Tighter identity measurement often increases reporting overhead, so organisations have to balance precision against the cost of data collection. That tradeoff is especially visible in environments with many business units, multiple clouds, or heavy use of contractors and machine identities. Best practice is evolving, but there is no universal standard for weighting security risk against delivery speed, so teams should define a simple scorecard that leadership can understand and repeat consistently. For some programmes, the most meaningful metric is not a percentage at all but a before-and-after story: a reduction in emergency access, a faster deprovisioning SLA, or fewer secrets exposed in code repositories.

Edge cases matter. A low-volume, high-criticality platform may justify more stringent controls than a large low-risk environment. Similarly, vendor access and OAuth-connected third parties may distort averages if they are not measured separately. In those cases, use segmented reporting so the business can see where identity security is helping delivery and where it is creating friction. This is also where the 52 NHI Breaches Analysis helps frame the real-world consequence of weak identity control, while the NIST Cybersecurity Framework 2.0 provides a way to explain those results in governance terms. A useful rule is simple: if a metric cannot influence resourcing, process design, or risk acceptance, it is probably vanity reporting rather than business value.

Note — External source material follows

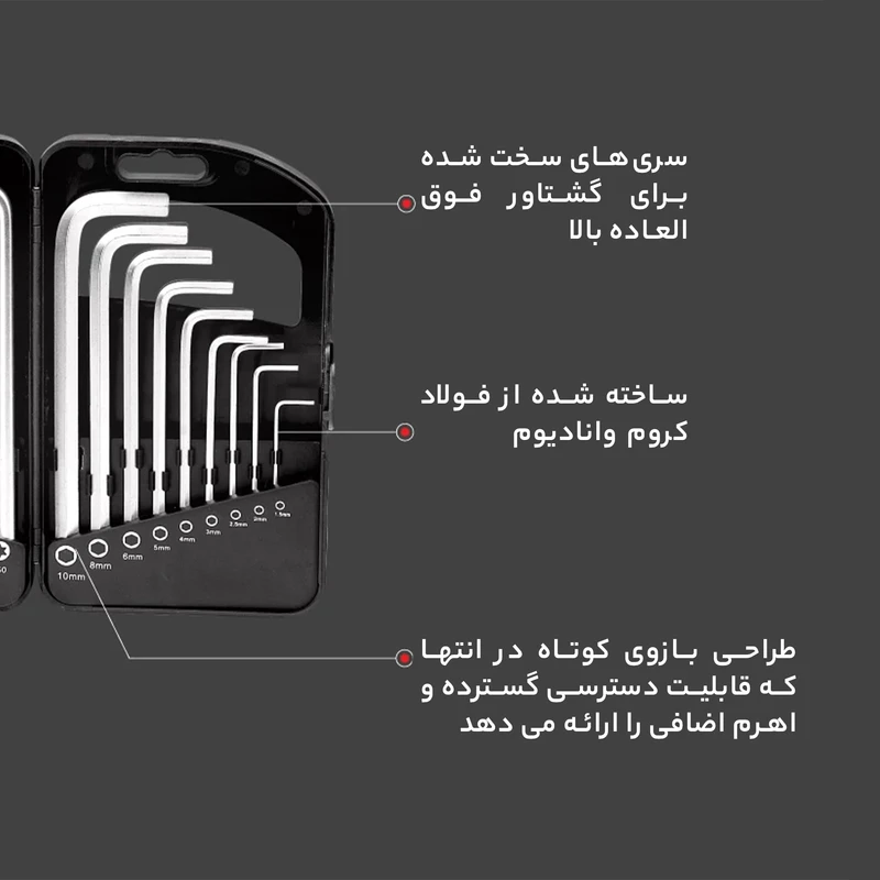 - ۹ عدد آچار آلن در سایزهای ۱.۵، ۲، ۲.۵، ۳، ۴، ۵، ۶، ۸ و ۱۰ میلیمتر - ۹ عدد آچار ستارهای درسایزهای T۱۰، T۱۵، T۲۰، T۲۵، T۲۷، T۳۰، T۴۰، T۴۵ و T۵۰ - قابلیت آویزان کردن قاب نگهدارنده - آچارهای با زاویه ۹۰ درجه

Standards & Framework Alignment

This section maps relevant standards and security frameworks to the operational risks and controls described in this guidance.

OWASP Non-Human Identity Top 10 address the attack and risk surface, while NIST CSF 2.0 and NIST AI RMF set the governance and control requirements practitioners need to meet.

Framework Control / Reference Relevance
NIST CSF 2.0 GV.OV-01 Business value measurement needs governance oversight and outcome tracking.
OWASP Non-Human Identity Top 10 NHI-03 Credential rotation and lifecycle control drive measurable NHI risk reduction.
NIST AI RMF GOVERN Identity controls should support accountable, measurable risk management.

Assign owners for identity outcomes and report how controls change risk, speed, and cost.